§ **Data to process**
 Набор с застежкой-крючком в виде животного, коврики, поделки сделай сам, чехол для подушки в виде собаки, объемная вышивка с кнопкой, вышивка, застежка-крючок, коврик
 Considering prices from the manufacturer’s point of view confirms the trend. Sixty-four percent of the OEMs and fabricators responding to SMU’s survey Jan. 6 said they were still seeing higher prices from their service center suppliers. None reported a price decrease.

...

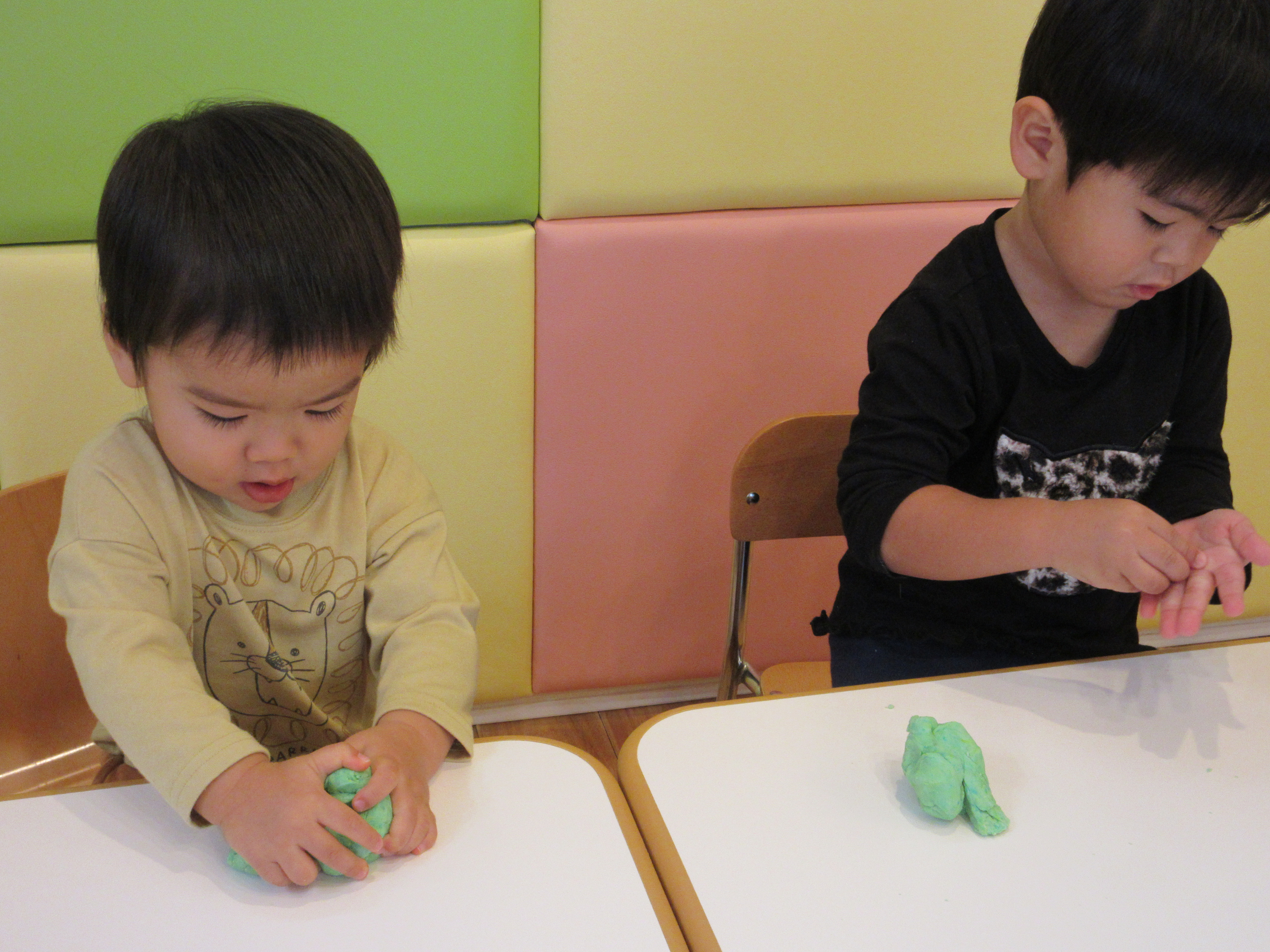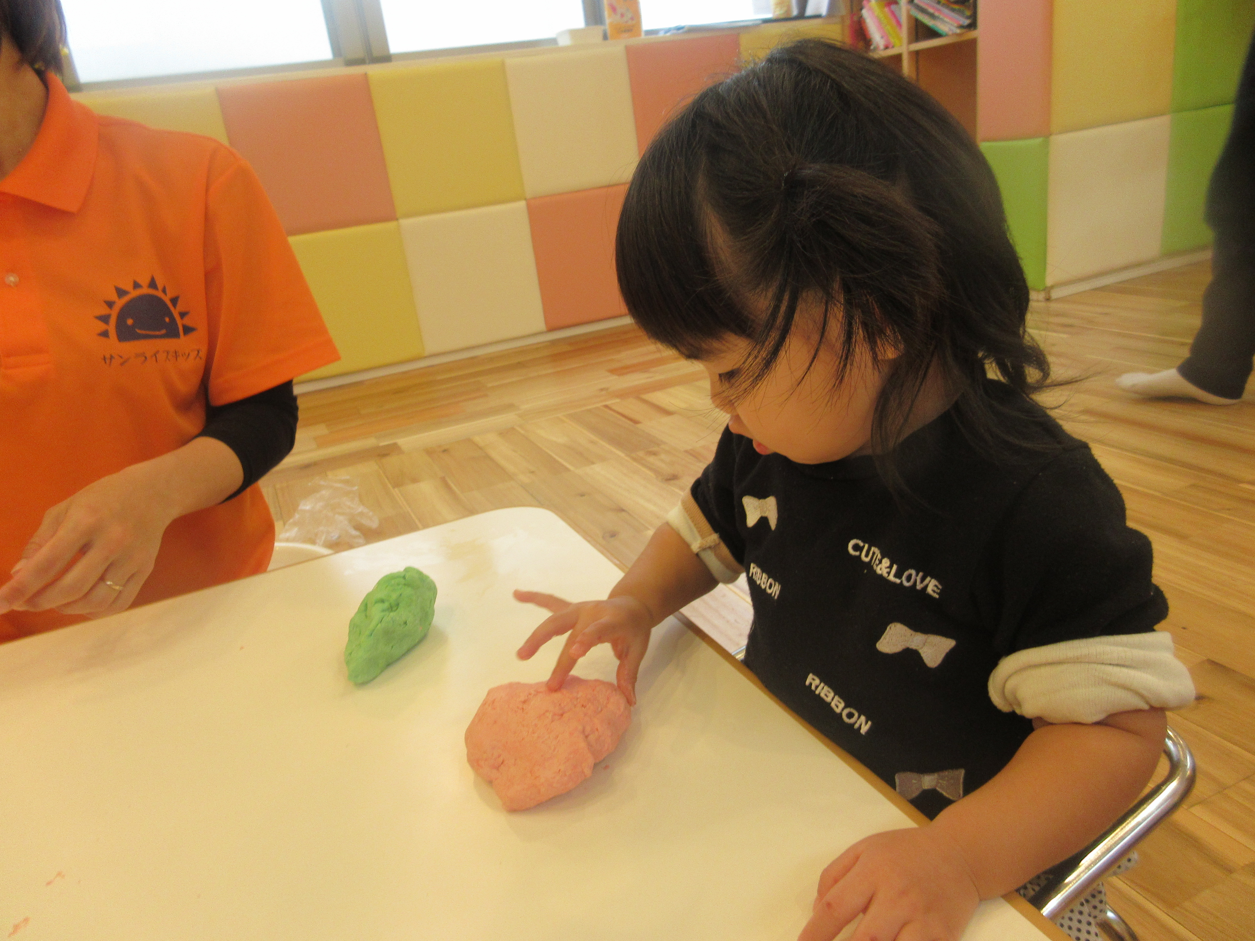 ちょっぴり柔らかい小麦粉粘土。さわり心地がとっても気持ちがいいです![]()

§ **Task brief**
All that should be written out is the stretch of lines above between the one holding "Набор с застежкой-крючком" and the one holding "Considering prices from", inclusive, exactly as given.

§ **Exercise answer**
 Набор с застежкой-крючком в виде животного, коврики, поделки сделай сам, чехол для подушки в виде собаки, объемная вышивка с кнопкой, вышивка, застежка-крючок, коврик
 Considering prices from the manufacturer’s point of view confirms the trend. Sixty-four percent of the OEMs and fabricators responding to SMU’s survey Jan. 6 said they were still seeing higher prices from their service center suppliers. None reported a price decrease.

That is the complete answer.